12Parfit argues that the defender of state-given reasons may claim that there can be object-given reasons for our desires. [23] This is basically what the scholastic maxim Nihil appetimus says when given an objective reading: our reasons for wanting something are due to the fact that the thing in question is good. And if we want some particular object of our desire, the very fact we want this good will be a state-given reason. Imagine a variation on the demon scenario: the demon will torture me if I do not want him to kill me; so I ask him to kill me and, because he can detect all my desires, he frees me. In this case, the defender of state-given reasons would say that we have an object-given reason to have a desire, which gives us a state-given reason to push ourselves to have this desire. But the premise is false: I have object-given reasons for the demon not to kill me, which are also reasons not to want him to kill me.

13Can we have object-given reasons to have desires which are also state-given reasons? For example, I want to have a good night’s sleep so that I am ready for an important interview tomorrow. But I have a sort of insomnia which means that every time I particularly want to sleep, this provokes my insomnia. Here, the object-given reason and the state-given reason come into conflict. Such cases also exist for beliefs. Some students take an exam which requires self-confidence to do well in, but they discover that the examiners want to teach them humility, and will give everyone with self-confidence a bad grade (they have a brain scanner). [24] In this case, it seems that we can compare and weigh our object-given reasons and our state-given reasons. But once again, the description of the cases is misleading. I have no object-given reason not to want to sleep. I have object-given reasons to want to not have this desire, and to cause myself to lose this desire. Unlike state-given reasons for not having this desire, these object-given reasons do not conflict with my object-given reason for having this desire. [25]

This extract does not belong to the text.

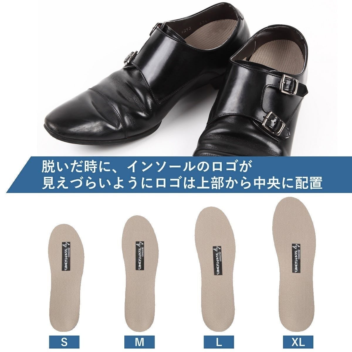 ロゴの面を上にして、靴に入れます。
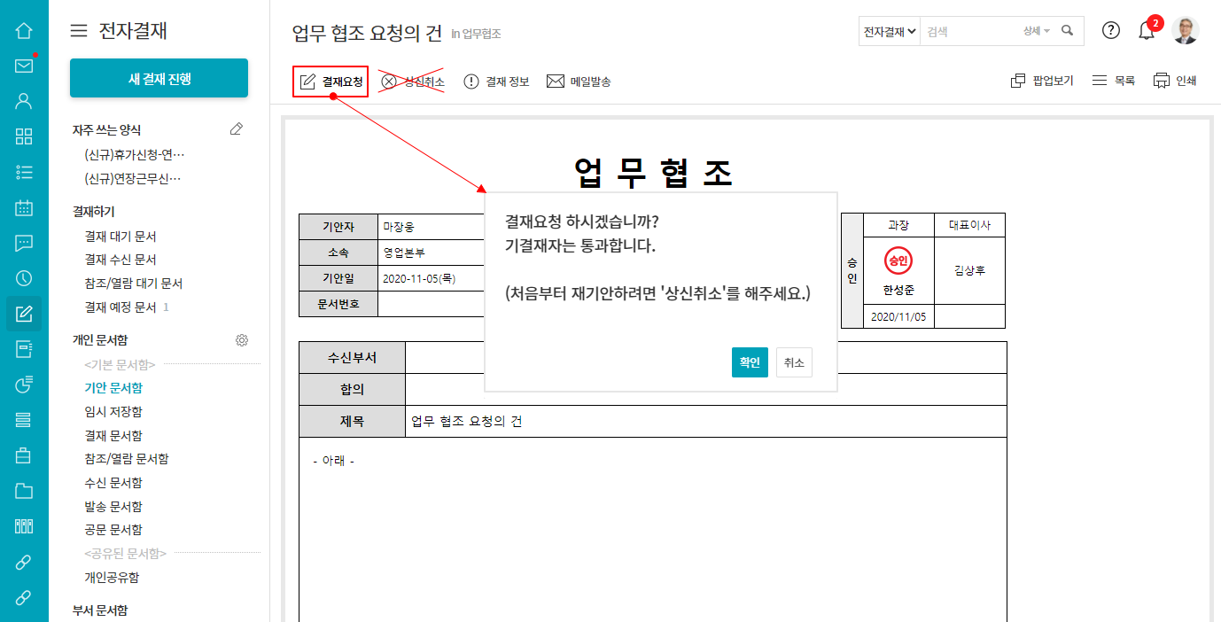 문서 수정 혹은 결재선 수정이 필요할 경우에는 상신 취소 후 처음부터 재기안하시기 바랍니다.

14Parfit concludes that there is no sense in which object-given and state-given reasons can be compared or put in conflict, and therefore that calling the latter “reasons” is simply a misuse of language. Only object-given reasons are reasons. He therefore settles on skepticism about the problem of the right kind of reason. But he does not give any criterion for distinguishing between them. The only one he offers is that we respond to object-given reasons, whereas we do not respond to state-given ones. [26]

A pragmatist pseudo-solution

15The skeptic about the problem of good reasons apparently relies on the idea of a difference of nature between epistemic and practical reasons. But how valuable is this distinction? A pragmatist will see a far more porous border between the two—as will a Humean. Schroeder offers a set of intuitive criteria to differentiate epistemic reasons from pragmatic or prudential ones, and argues that they are not strictly discriminating at all. [27]

  1. Directness: it seems easier to believe on the basis of data or evidence than for prudential reasons. The former are direct and immediate, whereas the latter are indirect and mediate.
  2. Rationality: the rationality of epistemic reasons does not seem to be the same as the rationality of practical reasons. The fact that we have a practical reason to believe does not seem to make us more rational.
  3. Correctness: epistemic reasons seem to define the correctness of a belief, while pragmatic reasons seem oblique.
  4. Phenomenology: Pragmatic reasons for believing are closer to reasons for conative attitudes, such as intention or hope, than epistemic reasons.

16According to Schroeder, these criteria do not allow us to distinguish between attitudes about content and attitudes about attitudes. He argues that there may be reasons related to attitudes that are nevertheless reasons of the right sort. He gives two examples, that of intention and that of belief. When we consider the choice we have between two possible decisions, when we do not yet have all the elements to choose between them—for example, in deciding whether to take a trip that depends on our knowledge of what the weather will be like—we pragmatically evaluate the options, not by evaluating the object, but the attitude or state, that is, the intention or the decision. Our reasons for deciding to form one intention or another are of the right kind—they are related to the good we expect to result, but they are nonetheless about the attitude. Similarly there may be reasons not to believe a proposition if there is not enough evidence that it is true. We can postpone a decision to believe we have a serious illness as long as we do not yet have some particular test results. In these cases of suspension of judgment, our attitude is directed towards an attitude—the judgment—and it is perfectly “good,” that is, evaluated according to the evidence or data available.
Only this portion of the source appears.